Feed my Sheep

In 1877, Charles Spurgeon preached this sermon from John 21:15 to a pastors conference in London, and over a hundred years later he preached it to me.

It’s hard to believe the impact that Spurgeon has had on the history of the Christian church. His sermons, letters, and journals remain in print to this day. He is read and studied in seminaries. He is beloved by many, but in this passage that Spurgeon so eloquently exposits, he points to the real motivation behind it all; and that is the pastoral command to feed the sheep of God. But as we see in the passage there are other aspects that go into pastoral ministry. In this concluding passage of John, we find three: feed the sheep, follow Jesus, and don’t compare yourself to others.

A Distinct Call to Feed and Tend the Sheep

Jesus, three times to restore Peter to ministry, calls him to feed and tend the sheep. At the heart of this command is Jesus showing that He has not passed Peter by but has restored him. It is not the perfect and blameless that are being called to ministry, but the broken ones who love God and cherish making Him known. Only a few pages earlier in John’s text we see Peter deny that he even knew the Lord, but now the same Christ who he denied is calling him to lead and feed. This is an important feature of John’s gospel because it shows us that those who are called to teach and care for the flock of God are those who understand their own limitations and failures, and whom Christ restores not of their own merit but of His gracious gift. Peter did not earn God’s reconciliation. Jesus gave it freely, and the outflow of this reconciliation was the commission to feed and tend.

So for all who aspire to the role of elder and minister, this is the same commission given to you. Feed the sheep. The only thing we see worth feeding on is the truth of the word of God. It is the only thing, when coupled with the Spirit, that builds up a believer. We cannot be fed by anything less than the Gospel of Jesus Christ. His truth is what grows us and sustains us.  It is also the same Gospel that calls us to repentance and faithfulness. As we feed the sheep we also tend them. We point them to the Gospel and call for growth and reconciliation, calling each other to walk in holiness.

A Call to Follow

Now after Jesus finishes His command to feed and tend, He gives Peter another command: follow Me. Now this is a command Peter was very familiar with. It is the very one that began it all when Jesus called him out of the boat and into the life of a disciple. The command to ‘follow Me’ is the same command Paul will later give to the Corinthian Church, as he calls them to follow him as he follows Christ. The life of ministry is a life of following after Christ. A minister cannot love the sheep well if he is not in love with the true shepherd and learning from Him first and foremost.  We see this clearly in Jesus continual asking of Peter of His love for Him. He must love Him if he is going to follow after Him.

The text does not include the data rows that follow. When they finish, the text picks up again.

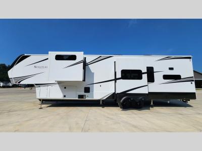Sleeps 6 Slides 4 Length 41 ft 8 in Ext Width 8 ft 5 in Ext Height 13 ft 5 in Int Height 8 ft 1 in Exterior Color Standard Graphics or Aurora, Midnight, Pearl Full-Body Paint Options Hitch Weight 3290 lbs GVWR 19000 lbs Dry Weight 15494 lbs Fresh Water Capacity 81 gals Grey Water Capacity 106 gals Black Water Capacity 106 gals Tire Size ST215/75R 17.5 LRH Furnace BTU 35000 btu Available Beds Queen Refrigerator Type 12V Refrigerator Size 20 cu ft Cooktop Burners 4 Shower Size 48" x 30" Number of Awnings 2 Axle Weight 8000 lbs LP Tank Capacity 30 lbs. Water Heater Type Tankless On Demand AC BTU 15000 btu TV Info LR LED Smart TV Awning Info 14' 5" & 20' Power w/Integrated LED Lighting Axle Count 2 Washer/Dryer Available Yes Number of LP Tanks 2 Shower Type Shower w/Seat Electrical Service 50 amp Similar Fifth Wheel Floorplans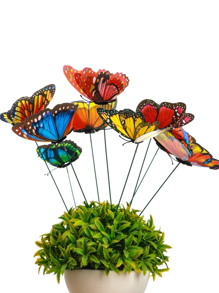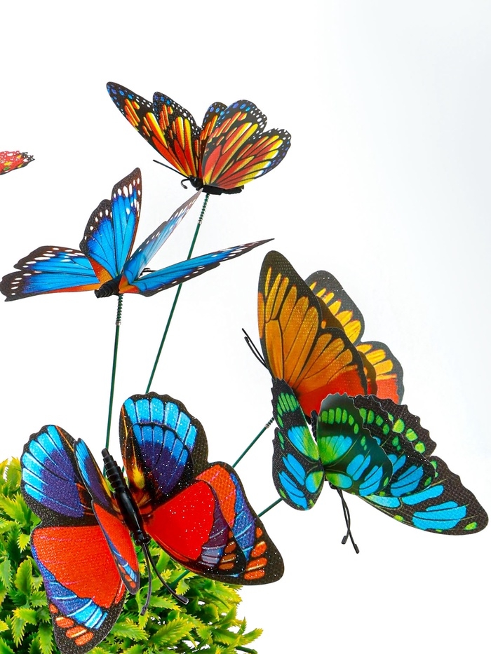 Набор штекеров "Бабочки двойные с блестками" в наборе 15шт, 10см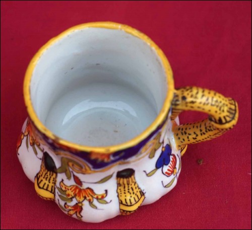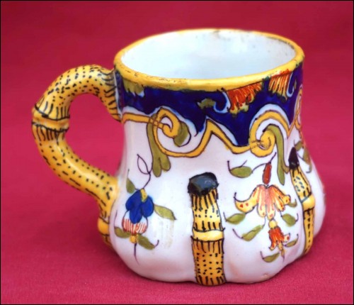 Petite tasse gobelet en faïence de Desvres par Fourmaintraux Frères vers 1880. Signé sur son fond? Hauteur 5.6 cm, largeur avec l'anse 8.5 cm.
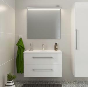 Servantinnredning fra Linn bad, Hilde 80 cm, hvit høyglans. Speil med lystopp.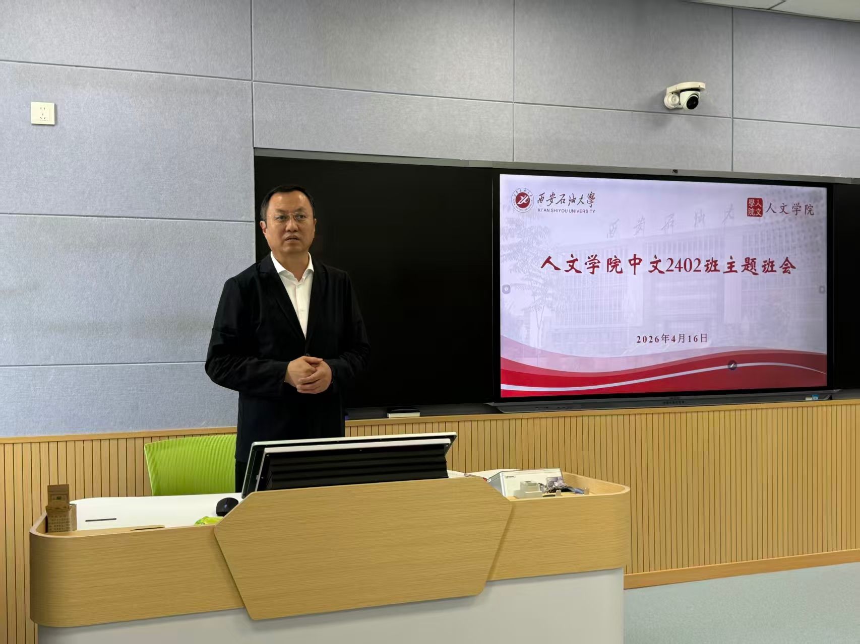 4月16日下午,副校长张荣军、中文2402班班主任在鄠邑校区博览楼A201教室召开“回望耕耘路,笃行向未来”主题班会,学工办副主任范嘉欣、2024级辅导员樊煜及中文2402班全体同学参加本次班会。

As the text tells us, Peters future would be one of hardship and death, but we also see that he endures the life set before him because of his love for Christ. It is the love of Christ that fuels the minister’s soul. It is the model that Jesus set before us that enables us to endure suffering and to preach the Word in spite of our culture and to seek forgiveness from those we have wronged while freely forgiving those who have wronged us. We are motivated by the love of Christ and model His love to others as we follow Him.

Don’t Compare

The final thing we see in Jesus’ discourse with Peter is a lesson we all must learn. The final words we have in John to Peter is to not concern himself with God’s will for another minister of the gospel, but to serve Him alone. Peter being Peter, sees John in the text and asks Jesus to explain what would happen to him also. In short Jesus says it’s not your concern, your job is to follow Me. Too often as ministers, it is easy to look at other ministry’s and churches and begin to compare what the Lord is doing, and somehow doubt that you are doing what God has called you to do, but as the text points out we are called to feed, tend, and follow.

Spurgeon may have been one of the greatest communicators and expositors of his day, but you know the vast majority of the world who came to know the Lord in the 1800’s probably never heard of the man. But they did hear about Jesus. They never heard a single sermon of his, but they heard the Word of God faithfully given to them by other faithful men, whose names we do not know. We today are the product of many faithful ministers of the gospel whose names are unknown to us, but not to God.

So in this world, most of us will go unnoticed by the world at large, but God sees us and knows us. We are not all destined to be mega church pastors, it is God who destines all things. We are but called to be faithful stewards of the Gospel. We are called to love and follow the Lord, teach the word, disciple the body, and judge ourselves on that alone.